Work to complete:
The answer must be a word-for-word copy of the records below, with every picture left out.

Items listed in a dataset:
>>>

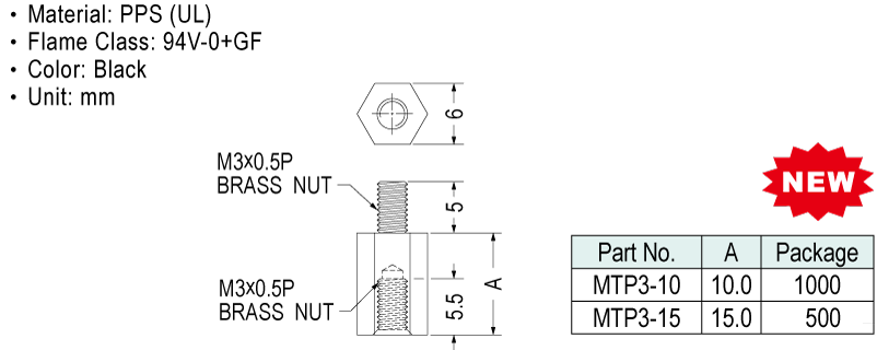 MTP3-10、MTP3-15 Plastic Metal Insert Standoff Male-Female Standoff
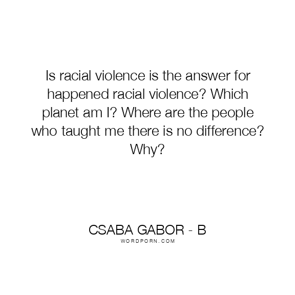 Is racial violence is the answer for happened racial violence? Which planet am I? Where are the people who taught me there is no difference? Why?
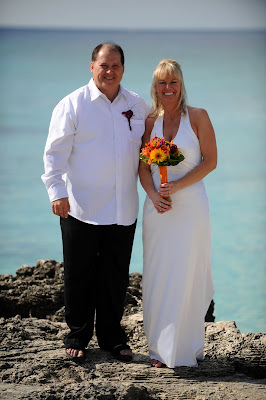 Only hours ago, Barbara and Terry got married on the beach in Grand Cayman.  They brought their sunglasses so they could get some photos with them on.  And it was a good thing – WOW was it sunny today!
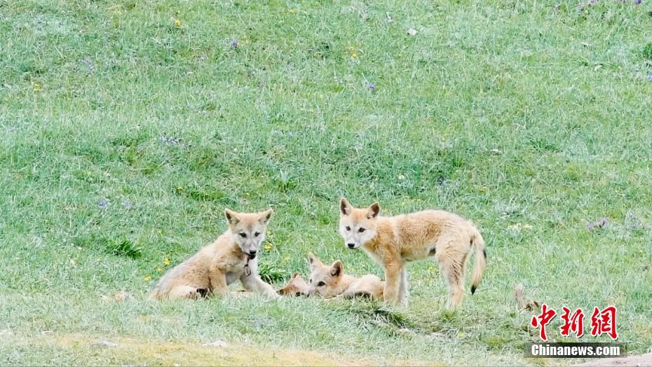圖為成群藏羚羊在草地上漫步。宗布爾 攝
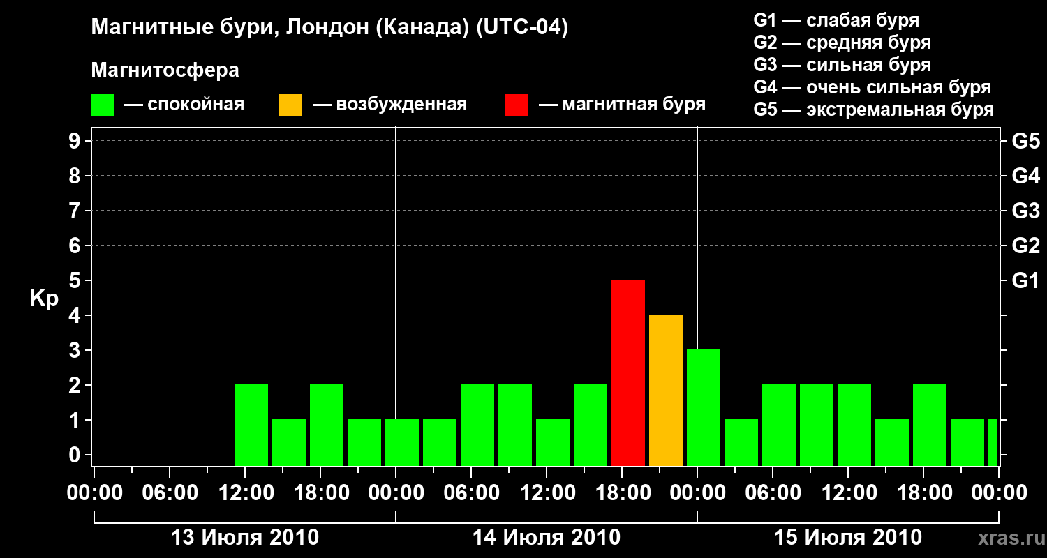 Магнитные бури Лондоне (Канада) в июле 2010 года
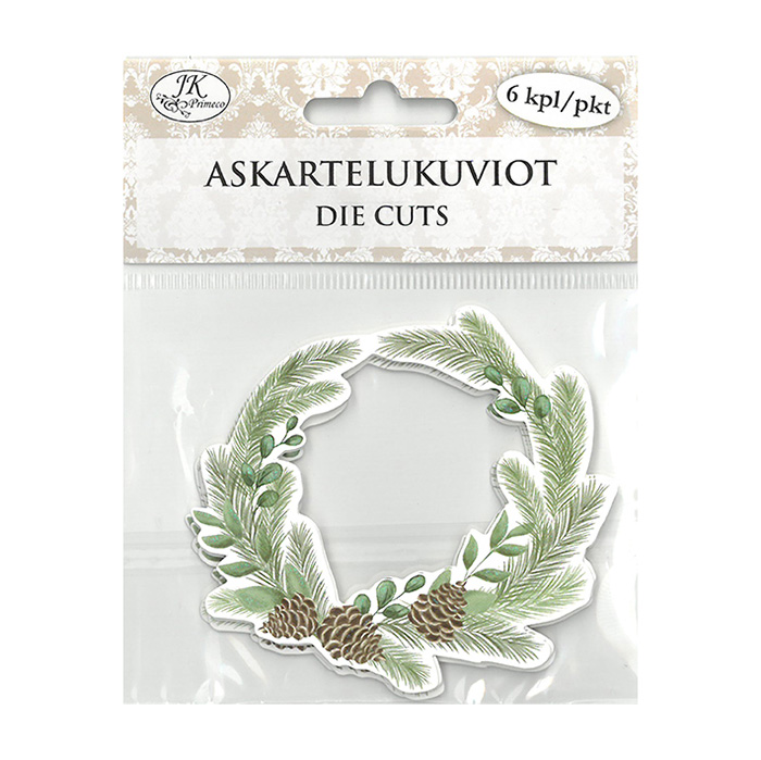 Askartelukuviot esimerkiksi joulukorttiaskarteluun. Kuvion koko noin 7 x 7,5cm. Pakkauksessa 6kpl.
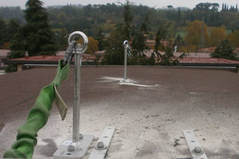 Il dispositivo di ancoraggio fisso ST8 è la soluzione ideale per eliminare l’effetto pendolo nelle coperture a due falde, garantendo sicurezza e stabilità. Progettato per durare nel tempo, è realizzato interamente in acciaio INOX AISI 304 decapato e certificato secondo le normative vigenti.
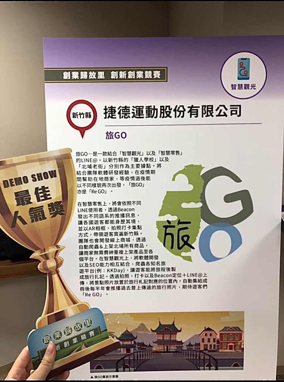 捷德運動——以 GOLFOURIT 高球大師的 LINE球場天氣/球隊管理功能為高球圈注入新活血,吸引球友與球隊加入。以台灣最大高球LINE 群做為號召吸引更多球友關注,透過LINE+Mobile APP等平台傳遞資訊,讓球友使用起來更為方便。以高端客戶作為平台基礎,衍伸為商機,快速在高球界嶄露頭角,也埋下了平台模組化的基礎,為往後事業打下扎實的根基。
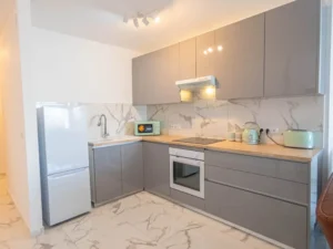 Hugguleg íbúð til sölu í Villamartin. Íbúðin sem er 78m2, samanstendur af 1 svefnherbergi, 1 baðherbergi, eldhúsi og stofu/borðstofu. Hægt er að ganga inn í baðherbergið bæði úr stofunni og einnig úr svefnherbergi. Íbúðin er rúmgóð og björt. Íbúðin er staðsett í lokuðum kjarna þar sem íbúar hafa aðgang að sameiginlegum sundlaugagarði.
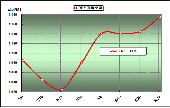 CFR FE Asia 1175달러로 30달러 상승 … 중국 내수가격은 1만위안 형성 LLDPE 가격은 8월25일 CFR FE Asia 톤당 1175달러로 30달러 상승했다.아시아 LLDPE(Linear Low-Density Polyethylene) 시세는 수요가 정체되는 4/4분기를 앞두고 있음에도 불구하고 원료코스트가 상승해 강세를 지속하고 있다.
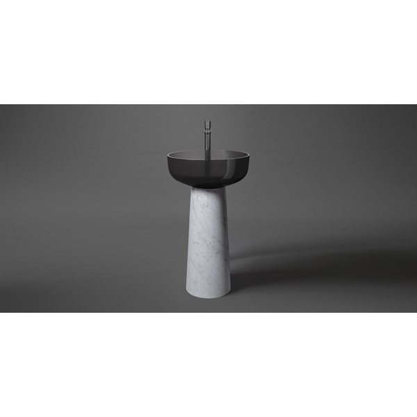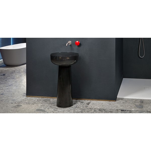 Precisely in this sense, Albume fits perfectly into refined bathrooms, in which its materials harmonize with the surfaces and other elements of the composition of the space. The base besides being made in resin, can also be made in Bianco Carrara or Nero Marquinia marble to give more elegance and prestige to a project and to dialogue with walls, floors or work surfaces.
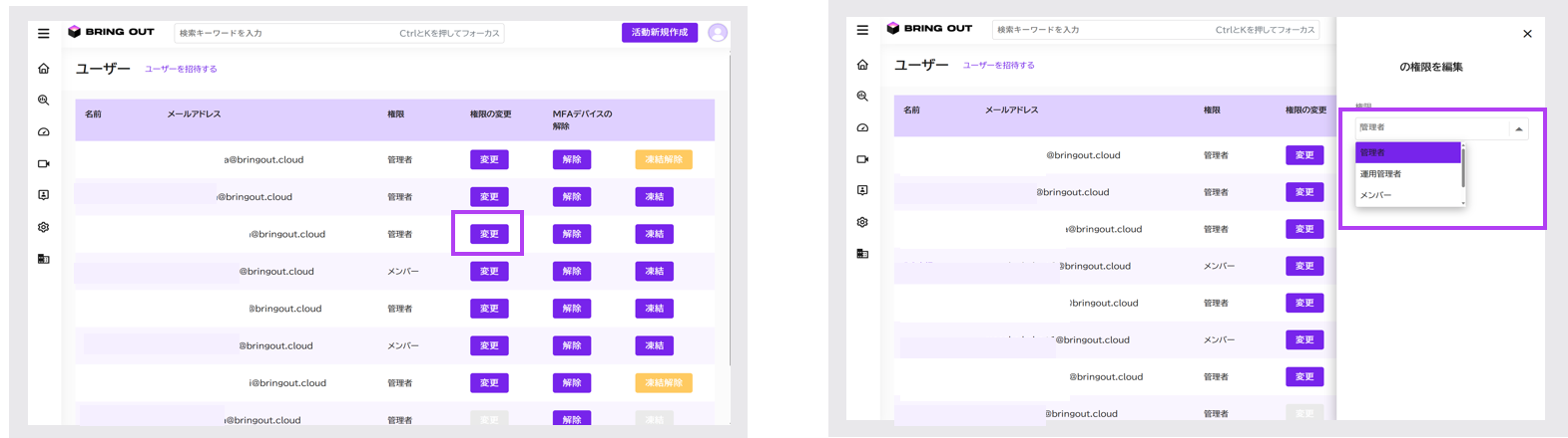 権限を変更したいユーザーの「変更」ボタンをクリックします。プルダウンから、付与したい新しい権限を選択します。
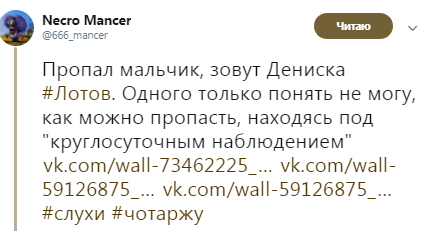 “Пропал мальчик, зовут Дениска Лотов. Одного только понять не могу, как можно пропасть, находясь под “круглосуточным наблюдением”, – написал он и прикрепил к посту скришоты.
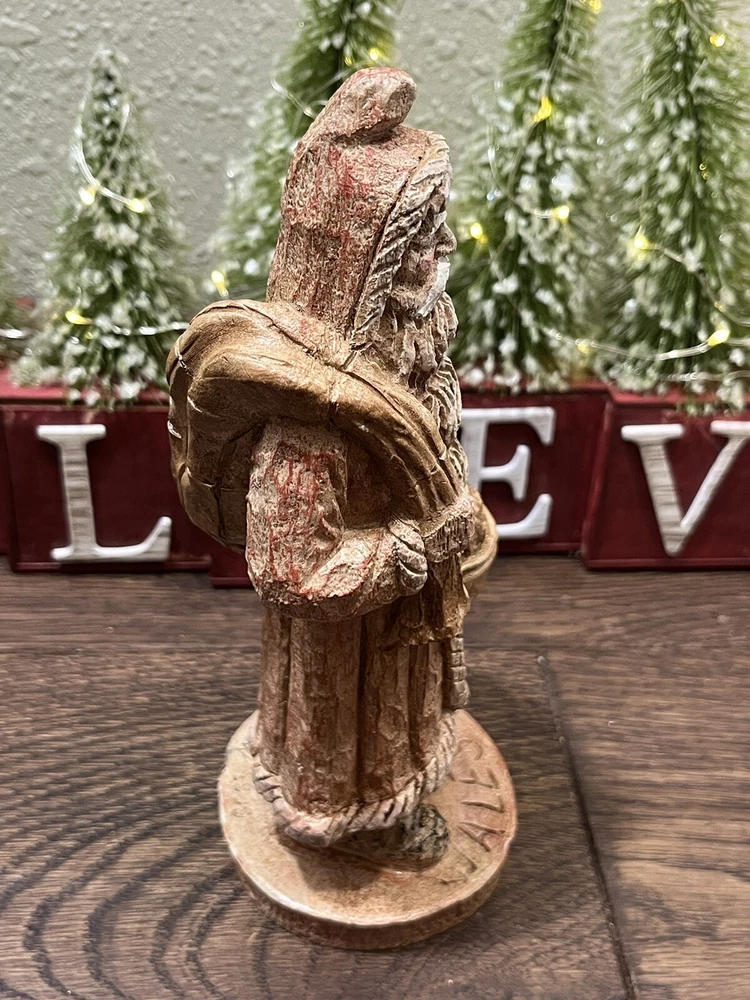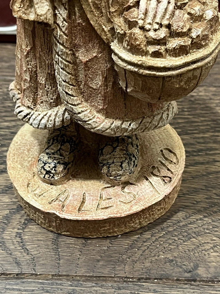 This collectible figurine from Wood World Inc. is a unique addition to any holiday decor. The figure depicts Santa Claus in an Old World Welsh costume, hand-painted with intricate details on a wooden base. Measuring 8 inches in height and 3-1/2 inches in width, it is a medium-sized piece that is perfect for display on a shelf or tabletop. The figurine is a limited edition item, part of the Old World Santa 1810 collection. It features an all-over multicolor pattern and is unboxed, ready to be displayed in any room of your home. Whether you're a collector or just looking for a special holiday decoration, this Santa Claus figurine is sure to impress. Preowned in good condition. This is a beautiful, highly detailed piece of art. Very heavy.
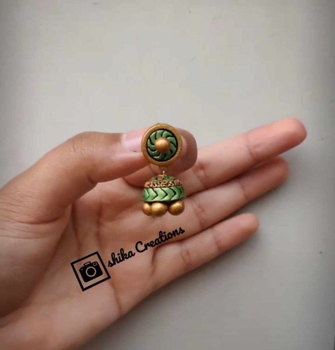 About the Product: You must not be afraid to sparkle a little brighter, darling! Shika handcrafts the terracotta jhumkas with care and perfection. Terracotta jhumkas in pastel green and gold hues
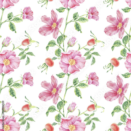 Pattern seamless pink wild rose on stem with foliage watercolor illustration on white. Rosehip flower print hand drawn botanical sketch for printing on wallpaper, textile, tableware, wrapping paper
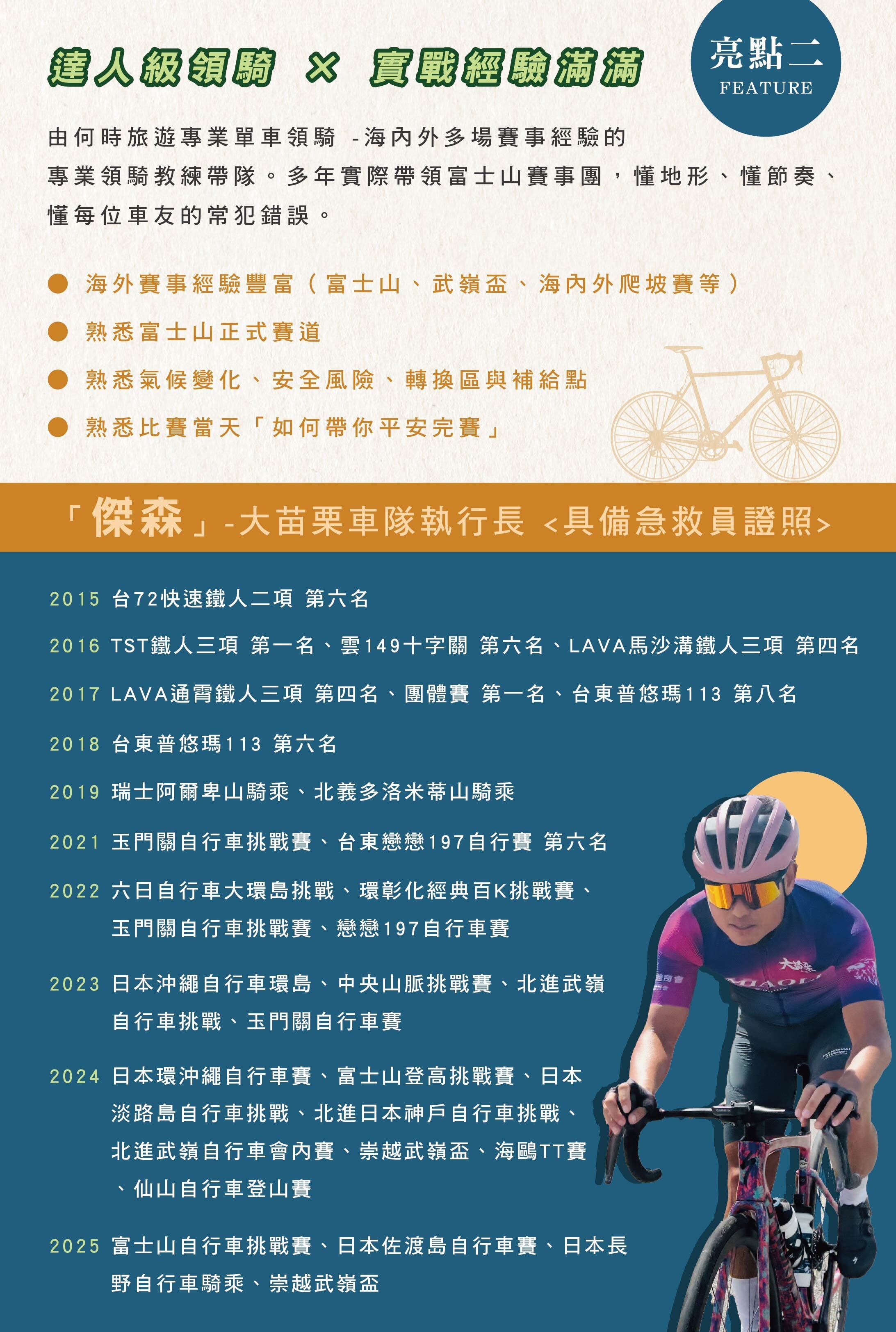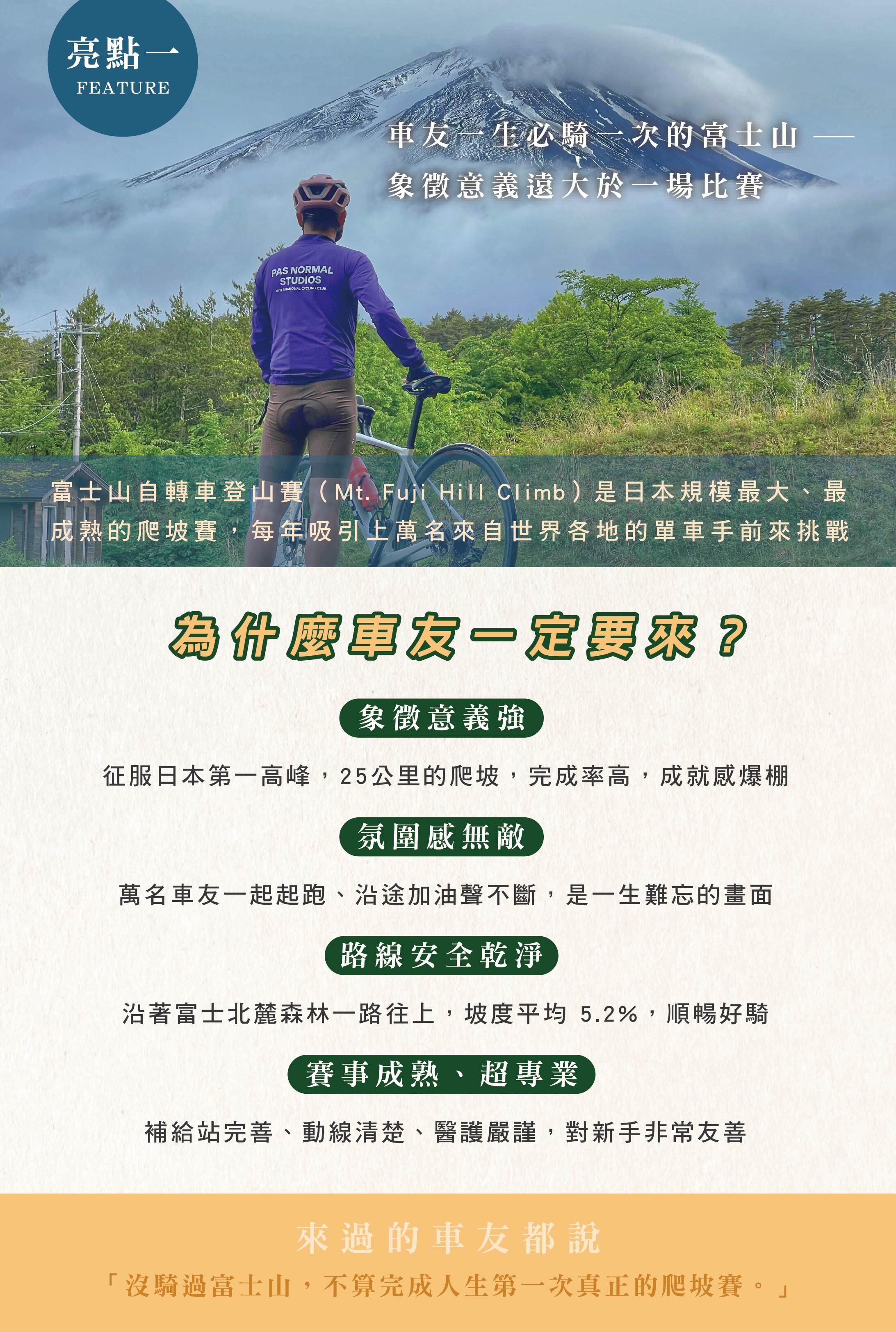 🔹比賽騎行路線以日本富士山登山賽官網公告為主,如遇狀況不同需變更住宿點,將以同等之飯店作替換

<<<

Task result:
 MTP3-10、MTP3-15 Plastic Metal Insert Standoff Male-Female Standoff
 Is racial violence is the answer for happened racial violence? Which planet am I? Where are the people who taught me there is no difference? Why?
 Only hours ago, Barbara and Terry got married on the beach in Grand Cayman.  They brought their sunglasses so they could get some photos with them on.  And it was a good thing – WOW was it sunny today!
圖為成群藏羚羊在草地上漫步。宗布爾 攝
 Магнитные бури Лондоне (Канада) в июле 2010 года
 Askartelukuviot esimerkiksi joulukorttiaskarteluun. Kuvion koko noin 7 x 7,5cm. Pakkauksessa 6kpl.
 Il dispositivo di ancoraggio fisso ST8 è la soluzione ideale per eliminare l’effetto pendolo nelle coperture a due falde, garantendo sicurezza e stabilità. Progettato per durare nel tempo, è realizzato interamente in acciaio INOX AISI 304 decapato e certificato secondo le normative vigenti.
 捷德運動——以 GOLFOURIT 高球大師的 LINE球場天氣/球隊管理功能為高球圈注入新活血,吸引球友與球隊加入。以台灣最大高球LINE 群做為號召吸引更多球友關注,透過LINE+Mobile APP等平台傳遞資訊,讓球友使用起來更為方便。以高端客戶作為平台基礎,衍伸為商機,快速在高球界嶄露頭角,也埋下了平台模組化的基礎,為往後事業打下扎實的根基。
 Hugguleg íbúð til sölu í Villamartin. Íbúðin sem er 78m2, samanstendur af 1 svefnherbergi, 1 baðherbergi, eldhúsi og stofu/borðstofu. Hægt er að ganga inn í baðherbergið bæði úr stofunni og einnig úr svefnherbergi. Íbúðin er rúmgóð og björt. Íbúðin er staðsett í lokuðum kjarna þar sem íbúar hafa aðgang að sameiginlegum sundlaugagarði.
 CFR FE Asia 1175달러로 30달러 상승 … 중국 내수가격은 1만위안 형성 LLDPE 가격은 8월25일 CFR FE Asia 톤당 1175달러로 30달러 상승했다.아시아 LLDPE(Linear Low-Density Polyethylene) 시세는 수요가 정체되는 4/4분기를 앞두고 있음에도 불구하고 원료코스트가 상승해 강세를 지속하고 있다.
 Precisely in this sense, Albume fits perfectly into refined bathrooms, in which its materials harmonize with the surfaces and other elements of the composition of the space. The base besides being made in resin, can also be made in Bianco Carrara or Nero Marquinia marble to give more elegance and prestige to a project and to dialogue with walls, floors or work surfaces.
 権限を変更したいユーザーの「変更」ボタンをクリックします。プルダウンから、付与したい新しい権限を選択します。
 “Пропал мальчик, зовут Дениска Лотов. Одного только понять не могу, как можно пропасть, находясь под “круглосуточным наблюдением”, – написал он и прикрепил к посту скришоты.
 This collectible figurine from Wood World Inc. is a unique addition to any holiday decor. The figure depicts Santa Claus in an Old World Welsh costume, hand-painted with intricate details on a wooden base. Measuring 8 inches in height and 3-1/2 inches in width, it is a medium-sized piece that is perfect for display on a shelf or tabletop. The figurine is a limited edition item, part of the Old World Santa 1810 collection. It features an all-over multicolor pattern and is unboxed, ready to be displayed in any room of your home. Whether you're a collector or just looking for a special holiday decoration, this Santa Claus figurine is sure to impress. Preowned in good condition. This is a beautiful, highly detailed piece of art. Very heavy.
 About the Product: You must not be afraid to sparkle a little brighter, darling! Shika handcrafts the terracotta jhumkas with care and perfection. Terracotta jhumkas in pastel green and gold hues
 Pattern seamless pink wild rose on stem with foliage watercolor illustration on white. Rosehip flower print hand drawn botanical sketch for printing on wallpaper, textile, tableware, wrapping paper
 🔹比賽騎行路線以日本富士山登山賽官網公告為主,如遇狀況不同需變更住宿點,將以同等之飯店作替換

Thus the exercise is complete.